The Torture of Mumia Abu-Jamal Continues off Death Row
Supporters Demand Transfer to General Population
On December 7, following the U.S. Supreme Court’s refusal to consider the Philadelphia District Attorney’s final avenue of appeal, current DA Seth Williams announced that he would no longer be seeking a death sentence for the world-renowned death row journalist Mumia Abu-Jamal – on death row following his conviction at a 1982 trial deemed unfair by Amnesty International, the European Parliament, the Japanese Diet, Nelson Mandela, and many others. Abu-Jamal’s sentence of execution was first “overturned” by a federal court in December 2001, and during the next ten years, he was never transferred from death row at the level five supermax prison, SCI Greene, in rural western Pennsylvania.
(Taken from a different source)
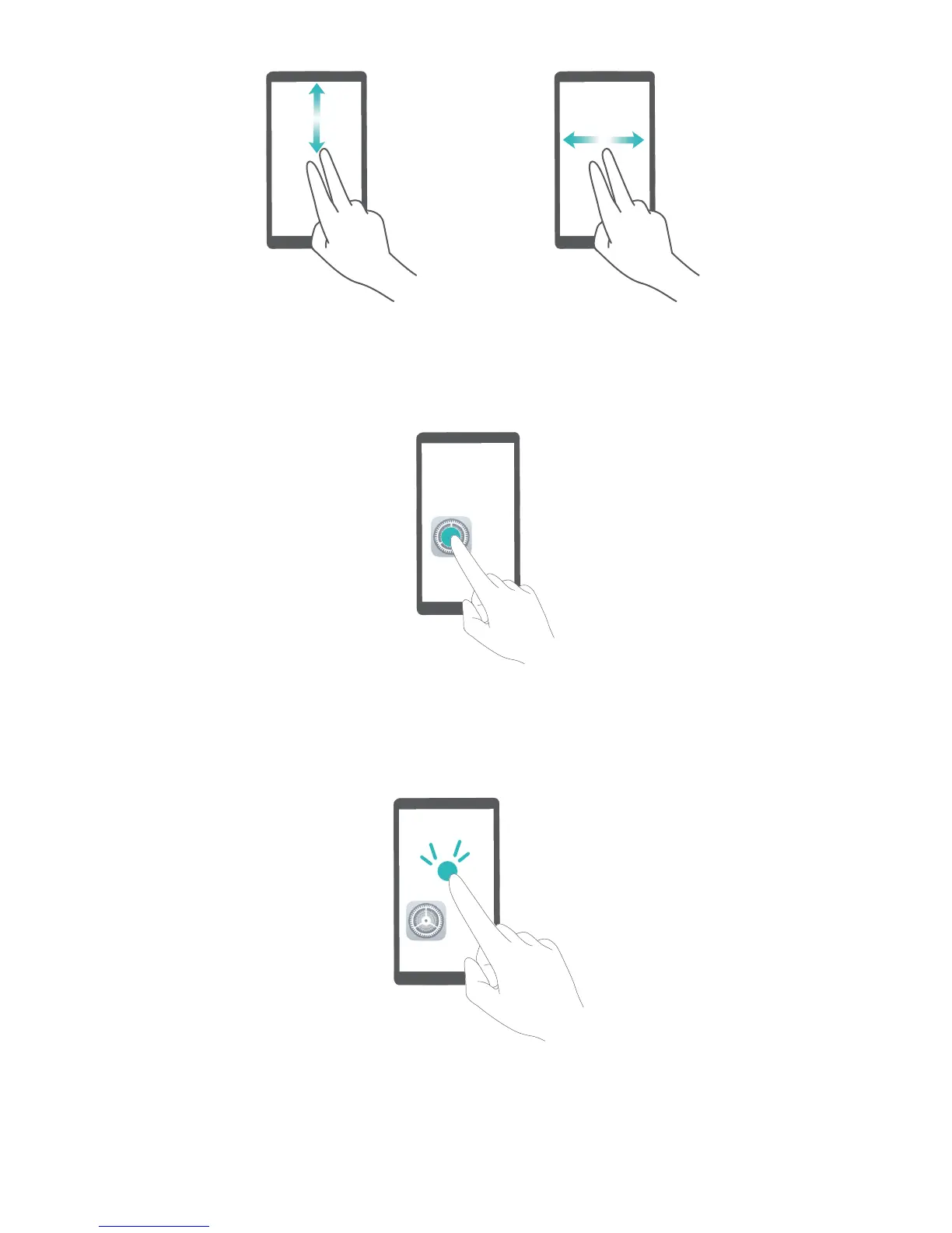 For example, if you want to open Settings, touch the Settings icon once with one nger, then touch
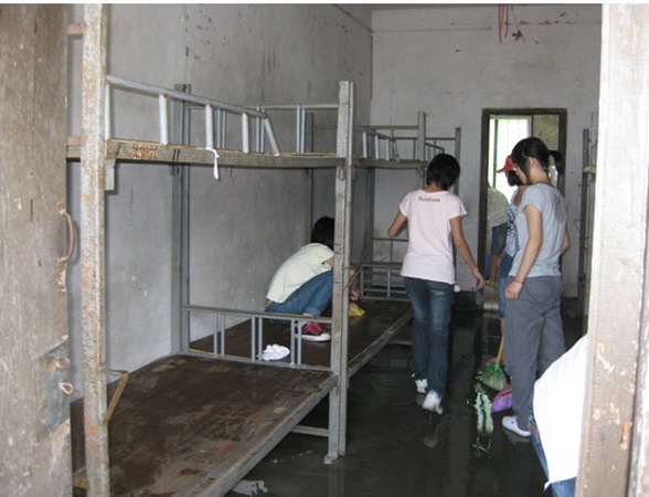 第四难:洗澡难。宿舍里肯定没有热水啦,女生要用热水洗澡,所以要麻烦饭堂阿姨帮我们煮热水,然后再将热水提上三楼。11个人共用一个厕所洗澡,大排长龙的样子可想而知。我总喜欢最后一个洗,这样就没有人催促了。一开始大家都坚持去提水洗澡,慢慢地最后就变成只剩几个人了。直到最后一天,大家全用冷水洗……

Shortly after the DA’s announcement in early December, Mumia Abu-Jamal, now 57 years old, was transferred to SCI Mahanoy in Frackville, PA, 100 miles from Philadelphia. Once there, it was expected that he would be released from solitary confinement and transferred into general population where he would finally have contact visits and generally less onerous conditions. However, he was immediately placed in “Administrative Custody,” in SCI Mahanoy’s “Restrictive Housing Unit” where his conditions of isolation and repression are now in many ways more extreme than they were on death row.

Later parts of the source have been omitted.